**Work item**: Skip the pictures, please, and write out exactly every line from the one containing "316L医用钛钢耳饰甜酷爆闪锆石十字架耳骨钉酷酷黑蝙蝠耳蜗钉耳钉" through the end of the listing below.
*** Opening of Data extract ***
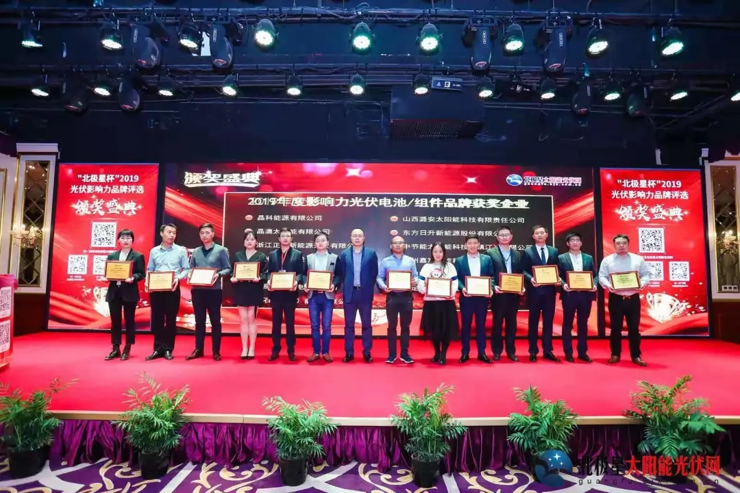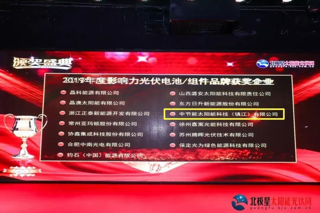 On October 24, 2019, the Award Ceremony of “North Star Cup”?2019 PV?Influential Brand Selection reached a complete success in Beijing. More than one hundred guests including relevant experts of the PV industry and representatives from outstanding enterprises engaging in all links along the PV industry chain gathered at this event to witness the glorious moments. CECEP Solar Energy Technology (Zhenjiang) Co., Ltd. (hereinafter referred to as “Zhenjiang Company”) was invited to attend as a sponsor, and won two awards of “2019 Annual Brand of Influential PV Cell/Module”?and “2019 Annual Innovative PV Enterprise of Influence”.
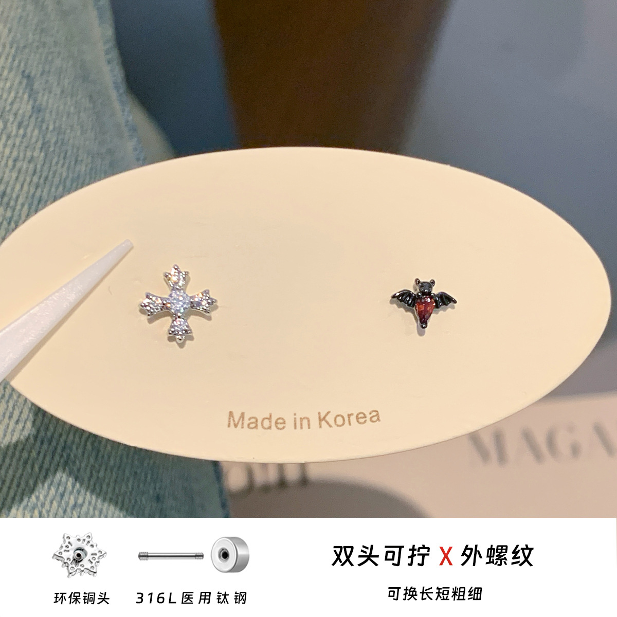 316L医用钛钢耳饰甜酷爆闪锆石十字架耳骨钉酷酷黑蝙蝠耳蜗钉耳钉
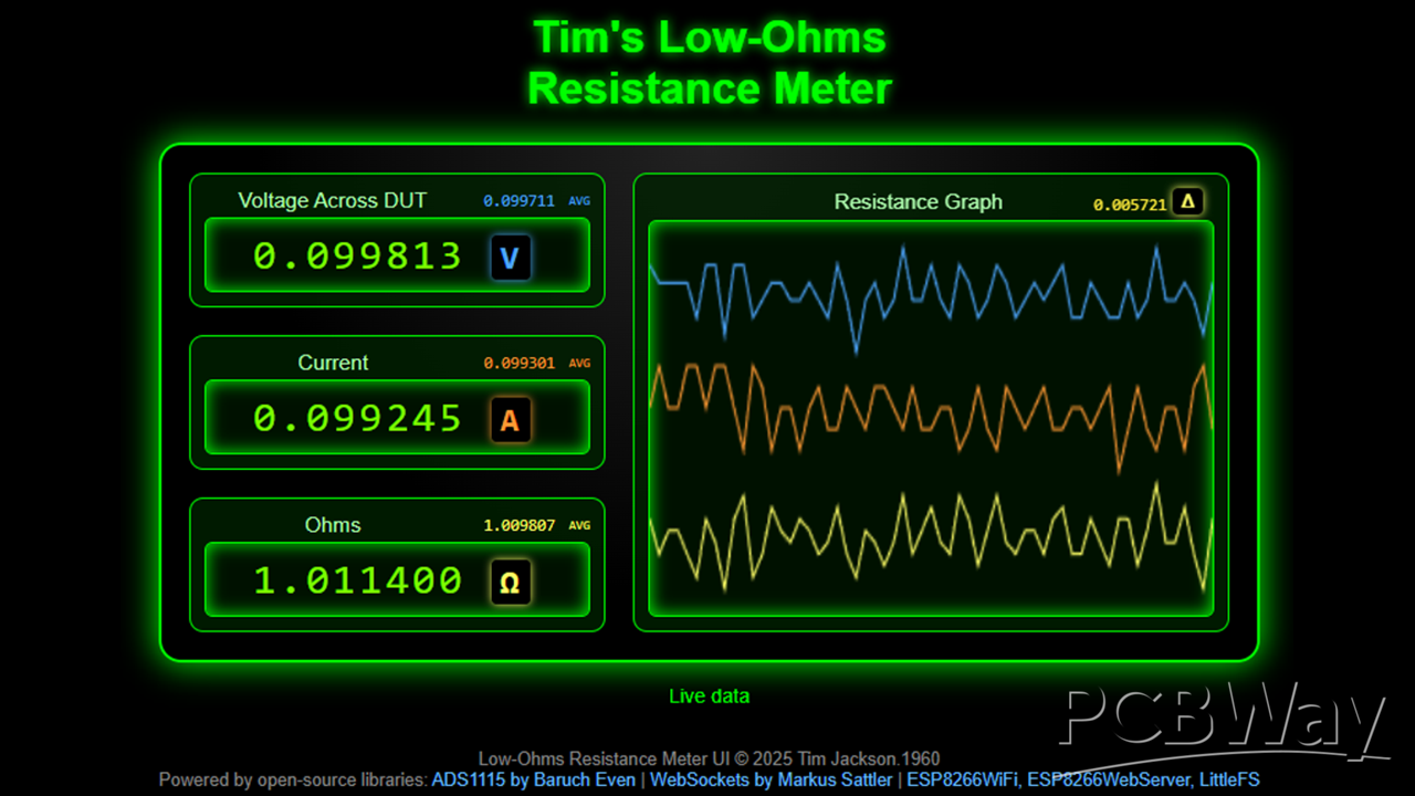 This project is a compact, high‑accuracy 4‑wire (Kelvin) low‑ohms meter designed for measuring resistances from milliohms up to several ohms with excellent stability. It uses an ADS1115 16‑bit ADC, a precision current source, and an ESP8266 to provide both a local OLED display and a full real‑time web interface over Wi‑Fi.
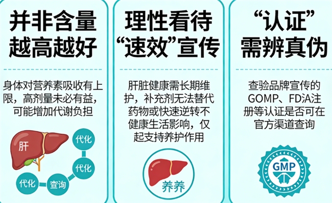 理性看待“速效”宣传:肝脏健康是长期维护的结果,任何膳食补充剂都无法替代药物,也无法承诺快速逆转不健康生活方式造成的影响。它们起的是“支持”和“养护”作用。
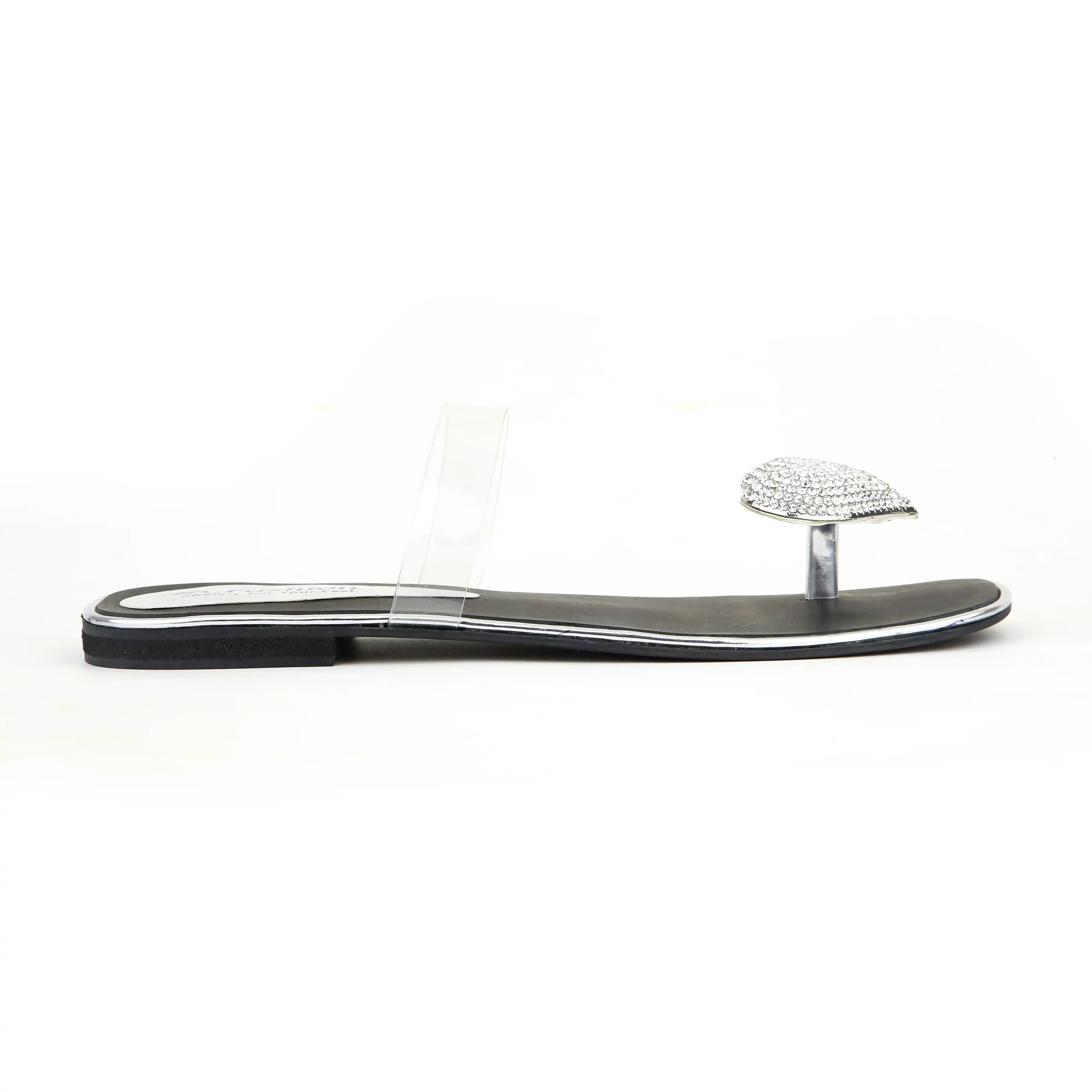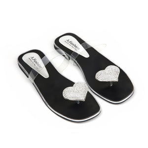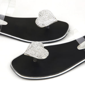 Crafted this designe to add a hint of sparkle and sophistication to your everyday look. Featuring a heart-shaped stone embellishment on the toe and a sleek transparent strap, these slippers combine elegance with a modern, minimalist appeal..!
*** Close of Data extract ***
**Response to the task**:
 316L医用钛钢耳饰甜酷爆闪锆石十字架耳骨钉酷酷黑蝙蝠耳蜗钉耳钉
 This project is a compact, high‑accuracy 4‑wire (Kelvin) low‑ohms meter designed for measuring resistances from milliohms up to several ohms with excellent stability. It uses an ADS1115 16‑bit ADC, a precision current source, and an ESP8266 to provide both a local OLED display and a full real‑time web interface over Wi‑Fi.
 理性看待“速效”宣传:肝脏健康是长期维护的结果,任何膳食补充剂都无法替代药物,也无法承诺快速逆转不健康生活方式造成的影响。它们起的是“支持”和“养护”作用。
 Crafted this designe to add a hint of sparkle and sophistication to your everyday look. Featuring a heart-shaped stone embellishment on the toe and a sleek transparent strap, these slippers combine elegance with a modern, minimalist appeal..!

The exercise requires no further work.